In order to do so cleanly, however, you will probably want to shut down all 
clients accessing this pool. Note that clients accessing the health metrics 
pool are not FS clients, so the mds cannot tell you anything about them. The 
only command that seems to list all clients is

  # ceph daemon mon.MON-ID sessions

that needs to be executed on all mon hosts. On the other hand, you could also 
just go ahead and see if something crashes (an MGR module probably) or disable 
all MGR modules during this recovery attempt. I found some info that cephadm 
creates this pool and starts an MGR module.
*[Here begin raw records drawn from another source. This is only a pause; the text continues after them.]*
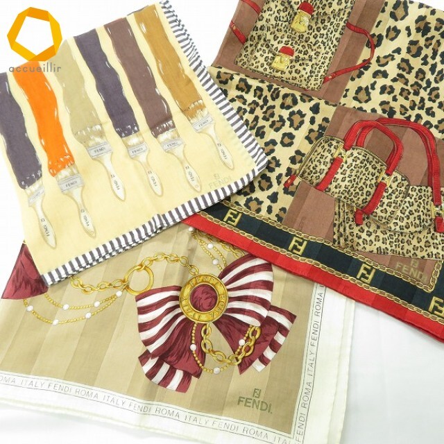 - #ae フェンディ FENDI ハンカチ 3枚セット マルチ 総柄 ペンキ柄 リボン柄 ヒョウ柄 レディース [972997] k01
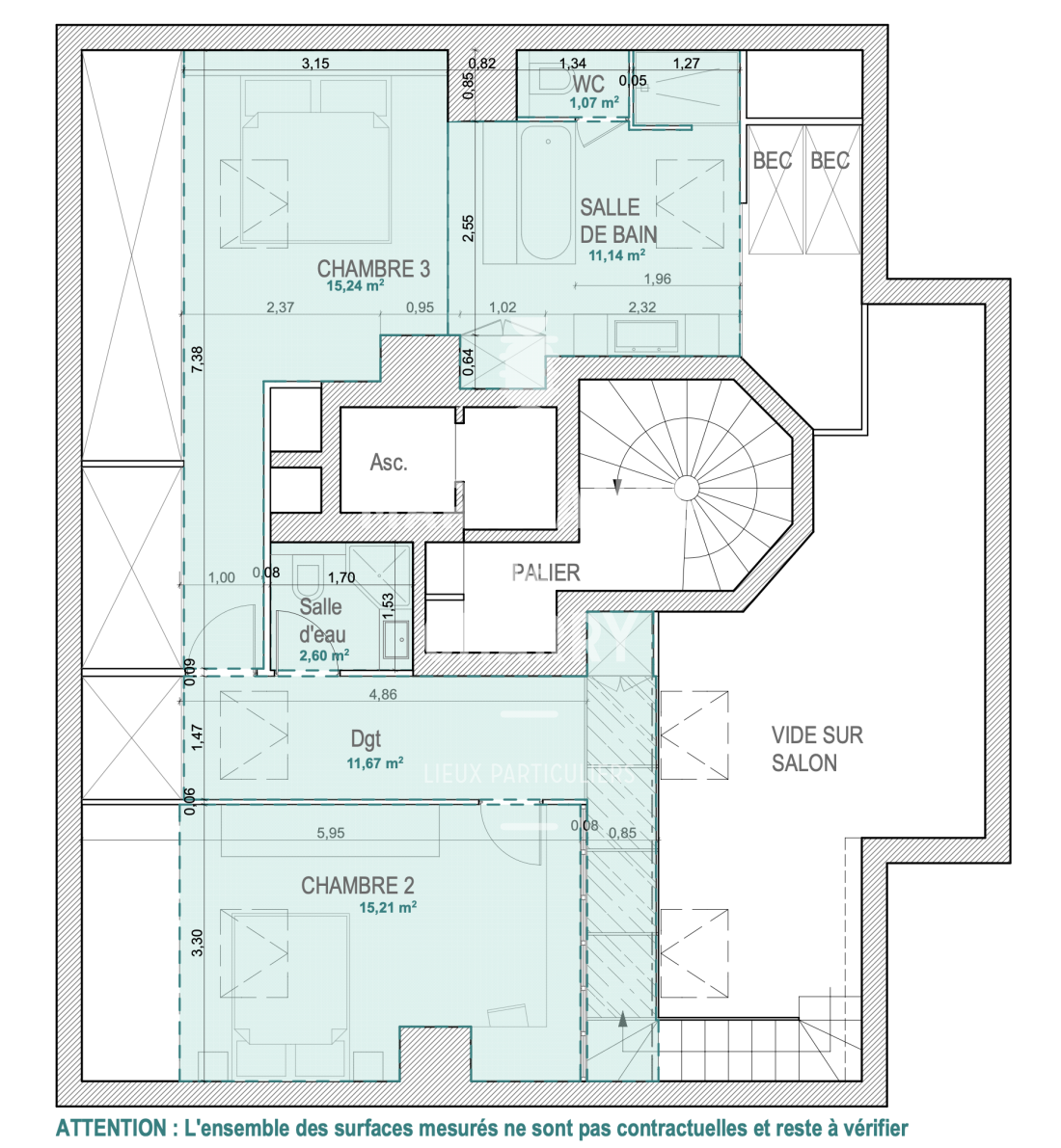 – Espace parentale de 23m2 avec salle de bains et toilettes,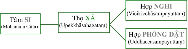 Tâm sân thường sanh khởi do nhiều nguyên nhân, như do tánh quen sân, là có thói quen gặp gì trái ý cũng phát sanh sân hận, hay đối với bản tánh nông nỗi, thiếu sự suy xét sâu xa cũng là yếu tố làm tâm sân phát khởi; hoặc đối với người thiếu sự học hỏi, tánh tình thô lỗ cũng là một nguyên nhân làm tâm sân dể phát khởi; và nguyên nhân chính phải nói là sự gặp cảnh không tốt, khả ố. 1.3) Tâm Si ( Mohamūla Citta): Si là sự si mê, mờ ám. Tâm si là trạng thái tâm mê tối, thiếu sự sáng suốt. Hành động mù quáng, sai lầm vì không thấu triệt các sự vật.(1) Tâm Si Hợp Hoài Nghi (Vicikicchāsampayuttaṃ): là sự mờ ám, si mê của tâm do sự lưởng lự, phân vân. Sự hoài nghi ở đây phải hiểu là sự hoài nghi có hậu quả tai hại như hoài nghi Tam Bảo, hoài nghi Tam Học, hoài nghi Tam thế, hoài nghi duyên sinh, ... Hoài nghi Phật: là không tin sự giác ngộ, hay không tin tuệ giác hoặc oai lực của Ðức Phật. Hoài nghi Pháp: là nghi ngờ về công năng của pháp bảo, hoài nghi về tánh cách chắc thật và hiệu quả của Phật pháp. Hoài nghi Tăng: là sự nghi ngờ về sự thành tựu giới hạnh, thành tựu đạo quả của chư tăng. Hoài nghi Tam học: là sự nghi ngờ về pháp tu tam học như hoài nghi về sự trong sạch của giới, hoài nghi sự thanh tịnh tiến hóa của định, hoài nghi sự sáng suốt, tỏ ngộ của tuệ. Hoài nghi Tam thế: là phân vân về tự ngã (Atta) trong quá khứ, hiện tại và vị lai. Hoài nghi về Duyên Sinh: là sự nghi ngờ về hiện tượng sanh tử, phân vân về đời sống hiện hữu của chúng sanh. Nên nhớ ngoài những hoài nghi kể trên còn có những hoài nghi thông thường, như do dự trước khi hành động, muốn đi đâu nhưng còn do dự vì sợ có khách đến thăm bất tử ... những hoài nghi đó không thuộc vào tâm Si hoài nghi. (2) Tâm Si Hợp Phóng Dật (Uddhacca Mohacittaṃ): là sự mù quáng, thiếu sáng suốt do sự lao chao, bấn loạn của tâm. Phóng = ném, dật = tung tóe; Phóng dật là sự ném một vật vào đống tro làm bay lên mù mịt, giống như một người đang ngồi làm việc, bổng có một tiếng động lớn làm người đó giựt mình hay như một người sợ ma, lúc đi đêm, bất chợt gặp bóng đen, người đó sợ hải la lên, tâm bị loạn động.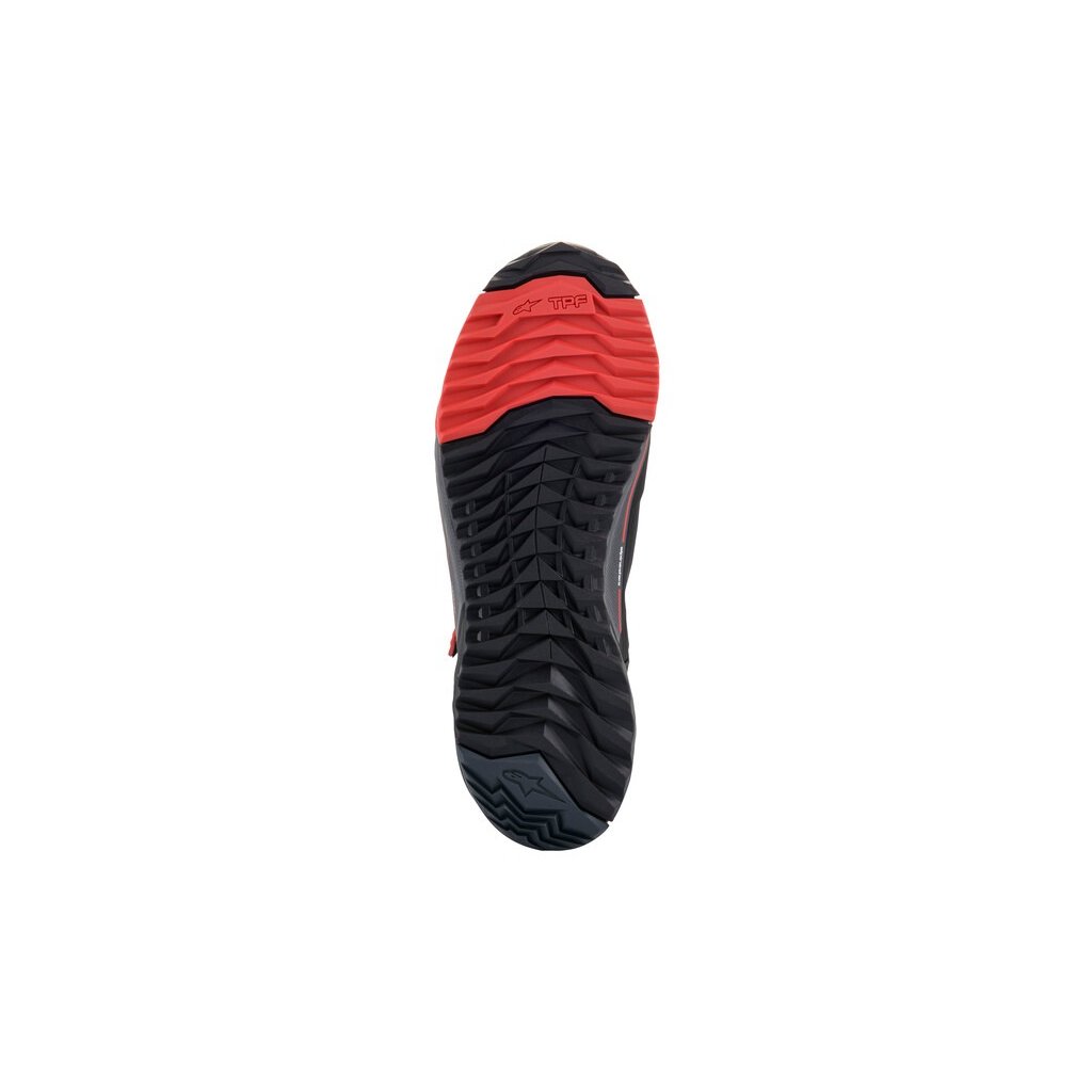 - Unikátní konstrukce celoplošné vyztužující vložky podrážky z TPU plastu pro zajištění maximální ochrany chodidla během jízdy na motocyklu, ale i dostatečné flexibility podrážky při běžné chůzi.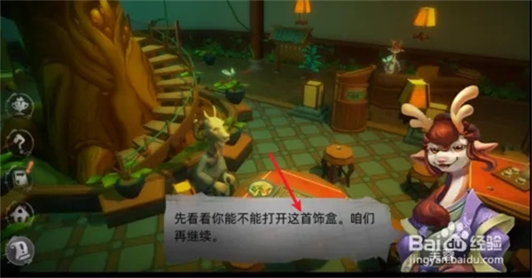 3.根据山羊先生的提示打开首饰盒,根据指引点击右上方的图标;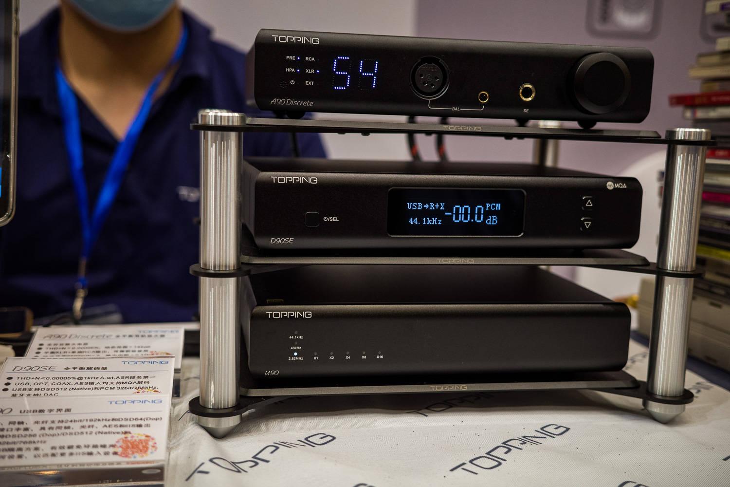 这些展台就不一一去说了,重点说几个,首先是拓品A90D耳放,这个耳放我之前晒过,是目前桌面的主力型号,搭配奥莱尔S8在用,驱动有源音箱和我手里的其他耳机,而且我给额外配了铜彩的电源线。A90D也许是拓品的一个转折点,因为我第一次在拓品身上感受到了一定的高频鲜活度,而之前的不论是套装、还是纯耳放、还是一体机,那股子浓浓的科HI味儿我是不喜欢的,素质确实是个个都不错。A90D这个耳放是我认为已经可以达到推荐级别的一款,推力够大,大到可以把我手里ZMF的VC封闭式推出很大的声场来,音色不干涩了,能够把K701的中频推出点甜味儿。我建议如果大家能够有心准备一个乐感更好的电源线、RCA or XLR线,或者接一个本身音色不错的解码,A90D的性价比可以得到极致的发挥。

If you google "device_health_metric pool" you should find descriptions of 
similar cases. It looks solvable.

I will look at the incomplete PG issue. I hope this is just some PG tuning. At 
least pg query didn't complain :)

The stuck MDS request could be an attempt to access an unfound object. It 
should be possible to locate the fs client and find out what it was trying to 
do. I see this sometimes when people are too impatient. They manage to trigger 
a race condition and an MDS operation gets stuck (there are MDS bugs and in my 
case it was an ls command that got stuck). Usually, evicting the client 
temporarily solves the issue (but tell the user :).

Best regards,
=================
Frank Schilder
AIT Risø Campus
Bygning 109, rum S14

________________________________________
From: Michael Thomas <w...@caltech.edu>
Sent: 20 October 2020 23:48:36
To: Frank Schilder; ceph-users@ceph.io
Subject: Re: [ceph-users] Re: multiple OSD crash, unfound objects

On 10/20/20 1:18 PM, Frank Schilder wrote:
> Dear Michael,
>
>>> Can you create a test pool with pg_num=pgp_num=1 and see if the PG gets an 
>>> OSD mapping?
>
> I meant here with crush rule replicated_host_nvme. Sorry, forgot.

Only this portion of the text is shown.